Este longo trecho apresenta-se como uma encantadora peça dramática, cheia de vigor e naturalidade, que se pode considerar estruturada em quatro actos: 1º – A abertura (vv. 1-5), onde aparece o tema, Jesus, Luz do mundo, em face da cegueira, não apenas física do doente, mas moral, de que participam os próprios discípulos, obcecados pela mentalidade «retribuicionista» (cf.

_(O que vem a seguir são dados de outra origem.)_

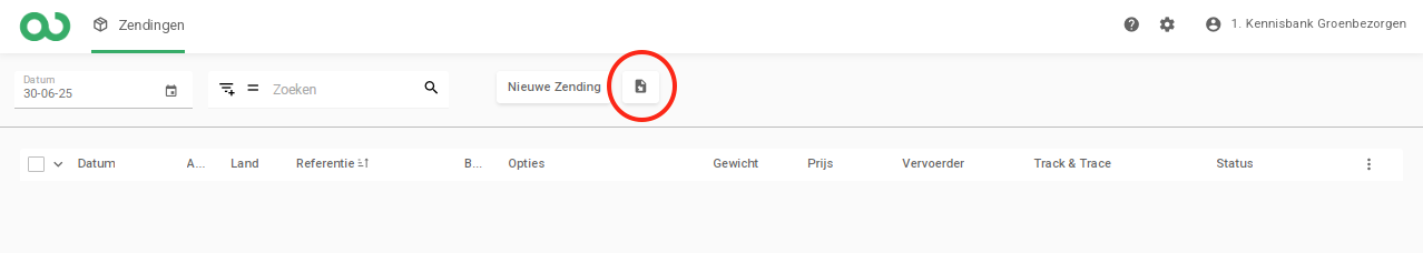 Klik op de knop ‘Importeren’ in het zendingenscherm, zie rode cirkel op onderstaande afbeelding.

Job 4, 7-8; 2 Mac 7, 18; Tob 3, 3); eles, em face da desgraça alheia, põem-se a indagar quem pecou e não quem a pode remediar. 2º – A cura do cego (vv. 6-7). 3º – A longa investigação acerca da cura (vv. 8-34), primeiro pelos vizinhos (vv. 8-12) e depois pelos fariseus que montam como que um processo judicial com sucessivos interrogatórios e que termina numa sentença de excomunhão (vv. 13-34). 4º – O desfecho do drama (vv. 35-41), com o acto de fé do cego e a obstinação na cegueira espiritual dos que não querem crer.

Sem prejuízo para o valor histórico da narração, esta reveste-se dum grande poder evocativo e dramático, em que sobressai, evocando o itinerário dum catecúmeno, a progressão do cego para a fé plena, o qual começa por se confessar beneficiário da misericórdia do homem Jesus (v. 11), passando a reconhecê-lo como um profeta (v. 17), depois a atestar que Ele vem de Deus (v. 33), e, por fim, a professar a fé explícita em Jesus como Senhor, à maneira de quem responde às perguntas rituais do último escrutínio catecumenal (v 35-38). A alusão ao Baptismo é bastante clara através da unção e do banho: «lavei-me e fiquei a ver» (vv. 11.15), pois na primitiva Igreja este Sacramento era chamado iluminação (cf. Hebr 6, 4; 10, 32; Ef 5, 14; Rom 6, 4). Por outro lado, o decreto de exclusão punitiva da sinagoga (v. 34) não vai apenas contra o cego, mas visa Jesus e os próprios cristãos, os quais no sínodo de Yámnia (pelo ano 80) se viram excomungados pelo farisaísmo que sobreviveu à destruição de Jerusalém (v. 22; cf. Jo 12, 42; 16, 2).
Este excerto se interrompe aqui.